Now that your taxes are prepared and ready to file, consider one more valuable step… analyzing your tax return. It’s a good opportunity to let its numbers tell your story.
While you’re most likely focused on receiving a refund or making a payment, analyzing the impact of your prior year’s financial behavior can help guide your financial decisions going forward.
Unfolding Our Clients’ Stories
When we start working with new clients, we look at their past tax returns to get an overarching understanding of their financial situation. Analyzing tax returns helps us identify issues that need attention.
With all our clients’ scenarios, the information gleaned from their tax returns should be interpreted in collaboration with their accountants and shared with their investment managers.
We often help our clients by serving as a liaison with their long-standing advisors. This allows us to help our clients implement any recommended changes in their financial strategies.
Client Stories Revealed by the Numbers
In using what we find from analyzing clients’ tax returns, we can help them steer their financial behavior toward positive outcomes or away from otherwise unforeseen tax obligations.
In some instances, they can shift from owing taxes to having no tax liability because their deductions for medical expenses completely offset their taxable income.
In other instances, their tax liability can grow if they are liquidating investments to fund their expenses.
Medical Expenses
Our senior clients often have expenses for home health care or specific spending habits that exceed their routine incomes from Social Security, pensions, and annuities. And, if they need to draw on savings or sell off investments to pay their bills, their tax profile will change… not for the better.
In a scenario with a positive outcome, a client was careful not to take more than the required minimum distribution (RMD) from her IRA. And, because her medical expenses exceeded her taxable income, she received a full refund of the taxes that were withheld from her RMD and her pension.
What the Numbers Revealed
If you have high medical expense deductions, you can draw more heavily from your retirement accounts, which may be significantly larger than your after-tax investments, without incurring a tax liability.
Non-Cash Income
A moderate-income client is a beneficiary of a trust which holds a family-owned country house. The grantor recently died.

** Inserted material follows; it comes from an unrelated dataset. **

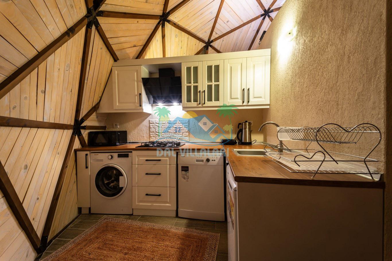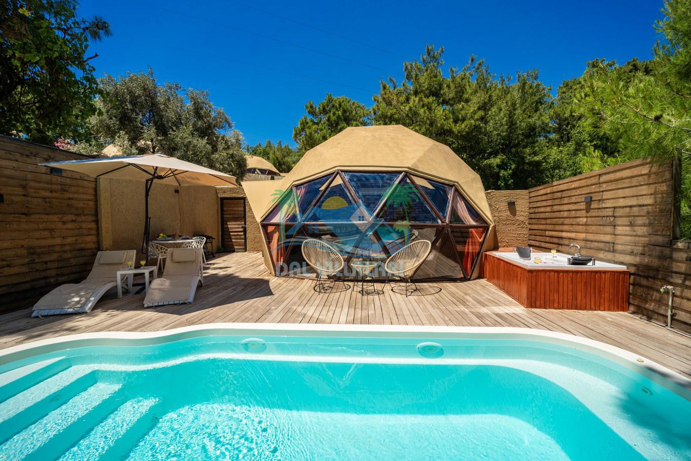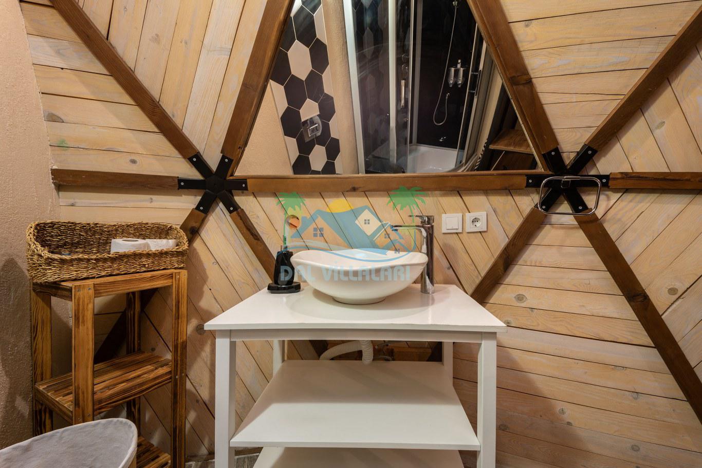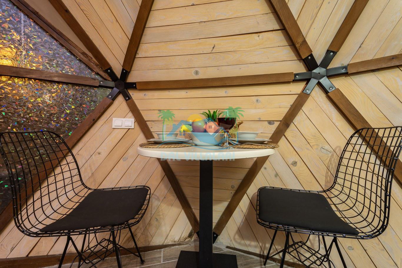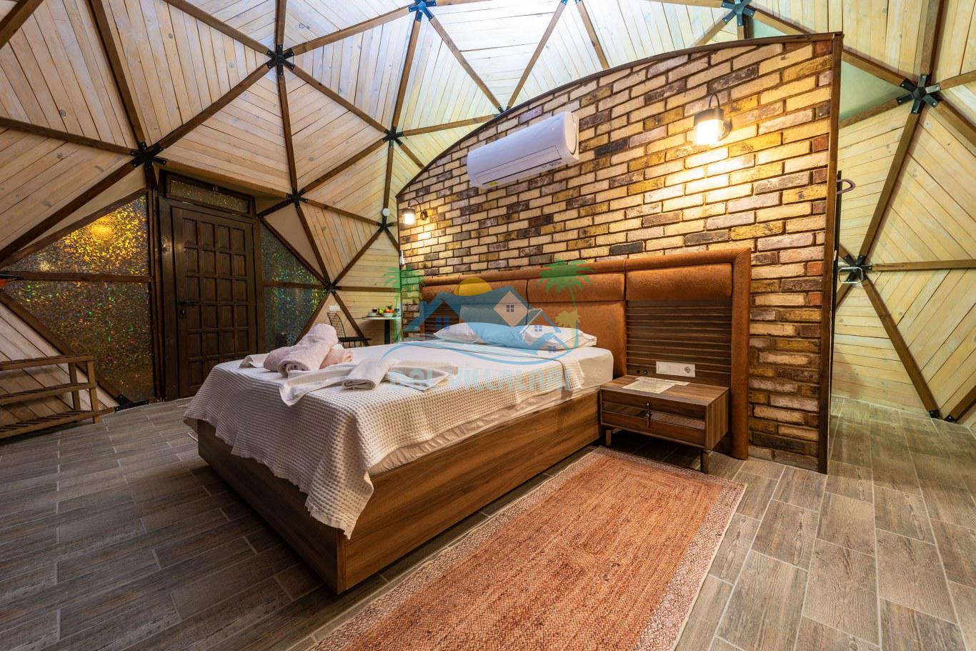 Her biri ayrı havuz terasına sahip olan kubbe tipi villalarımız, glamping kültüründen esinlenen çadır konseptlerine kıyasla Türkiye'de ilk defa 7 metre çapında, 4.30 metre kubbe yüksekliğinde, 38 metrekarelik AHŞAP yapıda üretilmiştir. Binalarımız, güvenlik ve iklim endişeleri olmaksızın konforlu bir konaklama sunar.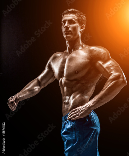 Fototapeta premium Muscular and fit young bodybuilder fitness male model posing ove

Because the house is rented out for part of the year, our client was allocated a portion of the net rental income, which was reported via a K-1. He did not receive any cash because the funds were put in reserve for future capital improvements, but he was still liable for the taxes on his share of the rental proceeds.
What the Numbers Revealed
With knowledge of the tax cost of partial home ownership, we encouraged our client to reflect upon his ability to bear the annual tax expense vs. the longer-term benefit of ownership of an appreciating asset.
High Spending
Two of our clients stand in stark contrast to each other, from a tax perspective. They have comparable wealth yet vastly different incomes.
Both clients inherited a considerable amount of money, but the difference in their tax liability is dramatic.
One of these clients has a large tax liability due to her excessive spending – well beyond the income of her portfolio’s dividends and interest. She often sells stock holdings to cover her expenses and her family is concerned that she might outlive her money.
Liquidating her investments generates large taxable capital gains. So, the more she spends, the more she pays in taxes. Her adjusted gross income (AGI) for one tax year was approximately $435K.
Our other client, who spends in accordance with the income she earns from her investments, had an AGI of approximately $151K for that same tax year. Because she spends much less, her income and, hence, her taxes are lower.
What the Numbers Revealed
Analyzing the tax return of our spendthrift client has led us to monitor her spending activities and encourage her to curb her shopping which will, in turn, limit her investment sales and hence her tax payments.